Can’t really do justice to that, but basically, just because people are doing it, doesn’t mean that they know what they’re doing. He let that sink in a minute and added, “Elye Chaim doesn’t make mezonos on cake”. (Elye Chaim being the pious elder of the yeshiva.) I shared that with a friend (CS Steinmetz) who refuted that he had seen, at a farbrengen, that Elye Chaim did eat cake with a mezonos. I returned to Reb Yisroel with that tidbit. That’s only because other people were there, Reb Yisroel explained. In his own home Elye Chaim wouldn’t make a mezonos on regular cake.

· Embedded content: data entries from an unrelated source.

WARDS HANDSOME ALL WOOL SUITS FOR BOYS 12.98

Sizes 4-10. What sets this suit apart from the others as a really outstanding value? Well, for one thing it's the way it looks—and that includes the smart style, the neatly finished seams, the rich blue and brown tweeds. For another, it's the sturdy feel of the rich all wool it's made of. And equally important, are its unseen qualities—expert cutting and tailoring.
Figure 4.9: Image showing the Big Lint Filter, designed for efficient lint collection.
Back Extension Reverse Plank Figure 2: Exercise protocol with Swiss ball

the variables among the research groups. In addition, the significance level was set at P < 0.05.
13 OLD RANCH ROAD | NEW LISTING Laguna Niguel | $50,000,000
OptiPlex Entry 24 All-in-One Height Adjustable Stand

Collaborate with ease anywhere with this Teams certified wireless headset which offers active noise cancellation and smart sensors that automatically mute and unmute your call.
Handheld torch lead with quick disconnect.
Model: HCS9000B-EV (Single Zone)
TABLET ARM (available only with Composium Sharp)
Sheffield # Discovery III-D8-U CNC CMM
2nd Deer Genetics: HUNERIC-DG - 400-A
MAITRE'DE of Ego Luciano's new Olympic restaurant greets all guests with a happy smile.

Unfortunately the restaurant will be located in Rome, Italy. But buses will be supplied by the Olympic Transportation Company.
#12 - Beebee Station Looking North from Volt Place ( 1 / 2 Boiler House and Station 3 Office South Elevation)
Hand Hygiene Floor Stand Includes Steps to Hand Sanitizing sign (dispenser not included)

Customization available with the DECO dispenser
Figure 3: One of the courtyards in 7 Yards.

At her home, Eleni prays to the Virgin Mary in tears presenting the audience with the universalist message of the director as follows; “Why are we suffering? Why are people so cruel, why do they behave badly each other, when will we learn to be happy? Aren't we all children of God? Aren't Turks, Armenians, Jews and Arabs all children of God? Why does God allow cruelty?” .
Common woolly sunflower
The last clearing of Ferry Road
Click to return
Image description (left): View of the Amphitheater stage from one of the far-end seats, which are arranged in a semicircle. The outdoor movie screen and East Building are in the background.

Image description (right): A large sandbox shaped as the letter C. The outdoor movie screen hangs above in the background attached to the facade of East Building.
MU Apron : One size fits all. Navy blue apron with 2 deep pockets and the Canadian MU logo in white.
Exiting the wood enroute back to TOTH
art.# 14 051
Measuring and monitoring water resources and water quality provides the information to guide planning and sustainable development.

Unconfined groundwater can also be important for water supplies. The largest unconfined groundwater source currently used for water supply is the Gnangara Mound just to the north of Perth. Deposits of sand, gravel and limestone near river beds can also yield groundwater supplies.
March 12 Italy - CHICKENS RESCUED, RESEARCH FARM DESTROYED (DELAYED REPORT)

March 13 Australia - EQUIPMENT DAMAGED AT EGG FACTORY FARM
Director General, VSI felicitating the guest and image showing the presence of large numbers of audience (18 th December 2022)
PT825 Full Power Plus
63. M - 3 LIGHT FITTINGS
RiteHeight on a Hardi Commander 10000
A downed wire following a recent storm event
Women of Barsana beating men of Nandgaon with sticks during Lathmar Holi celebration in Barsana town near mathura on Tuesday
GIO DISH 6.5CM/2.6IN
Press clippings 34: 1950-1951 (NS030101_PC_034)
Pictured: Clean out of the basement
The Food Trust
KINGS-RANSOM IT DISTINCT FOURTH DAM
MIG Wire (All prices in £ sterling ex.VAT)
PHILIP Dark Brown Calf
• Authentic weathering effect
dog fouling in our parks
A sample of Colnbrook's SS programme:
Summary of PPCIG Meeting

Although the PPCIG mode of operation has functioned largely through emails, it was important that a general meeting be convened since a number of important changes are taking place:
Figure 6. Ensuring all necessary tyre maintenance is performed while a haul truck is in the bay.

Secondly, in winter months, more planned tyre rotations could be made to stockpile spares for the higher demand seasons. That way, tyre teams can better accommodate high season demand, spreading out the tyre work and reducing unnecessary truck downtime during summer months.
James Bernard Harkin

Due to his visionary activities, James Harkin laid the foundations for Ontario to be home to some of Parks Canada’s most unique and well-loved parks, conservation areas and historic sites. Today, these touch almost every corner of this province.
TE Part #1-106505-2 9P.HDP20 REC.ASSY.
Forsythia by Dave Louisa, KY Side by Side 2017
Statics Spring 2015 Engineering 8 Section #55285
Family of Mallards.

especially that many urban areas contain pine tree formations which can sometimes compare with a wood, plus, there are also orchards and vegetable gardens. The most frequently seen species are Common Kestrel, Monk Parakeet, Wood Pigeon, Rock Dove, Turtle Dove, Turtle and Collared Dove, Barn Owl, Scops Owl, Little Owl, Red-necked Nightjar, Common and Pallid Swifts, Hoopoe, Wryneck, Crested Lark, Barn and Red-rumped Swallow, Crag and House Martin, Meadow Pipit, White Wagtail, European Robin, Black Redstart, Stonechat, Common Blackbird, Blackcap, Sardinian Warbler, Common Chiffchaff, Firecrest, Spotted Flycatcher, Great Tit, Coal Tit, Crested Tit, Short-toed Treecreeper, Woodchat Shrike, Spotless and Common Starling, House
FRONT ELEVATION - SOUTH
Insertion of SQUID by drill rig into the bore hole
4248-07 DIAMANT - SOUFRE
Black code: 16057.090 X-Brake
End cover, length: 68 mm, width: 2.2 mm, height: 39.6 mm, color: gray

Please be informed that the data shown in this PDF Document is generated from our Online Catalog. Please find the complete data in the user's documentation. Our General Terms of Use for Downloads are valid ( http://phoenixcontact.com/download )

This story is loaded with lessons. Don’t assume people have thought things through — that’s why we have holy texts. And certain behaviors, while warranted and prescribed, are only followed by a select few — and they don’t flaunt it. And when they are in public, they assume an unassuming demeanor. And sometimes by keeping your eyes on such a person you gain more than if you try to imitate them prematurely. And calling someone by their first name, without even a Reb, can convey more respect that those who are routinely addressed as Harav Hagaon. These lessons aren’t written in stone. They are not even written, and I’m ambivalent about writing them down, because they can be misconstrued – but these lessons are important. So, I hope I won’t regret having shared them.

He once half-jokingly called me a pereh-odom, and saw that I wasn’t taking it well: he immediately apologized. Genuinely. When he passed away, a friend shared the story how the bochurim had gotten hold a of a throne-looking, ostentatious, old-fashion, chair and put it in his place. He came into the room with a puzzled look. And the talmid explained: a big Rosh Yeshiva needs a big chair. He laughed.

Maybe I can’t repeat verbatim his shiurim. But there is so much I learned from this man. I was surprised when he passed that so many of his talmidim (I didn’t say all) were in pain — and filled with tender memories. Sometimes the most revolutionary teaching that you can give your talmidim is that you treasure their company

I never realized it until today: I loved him.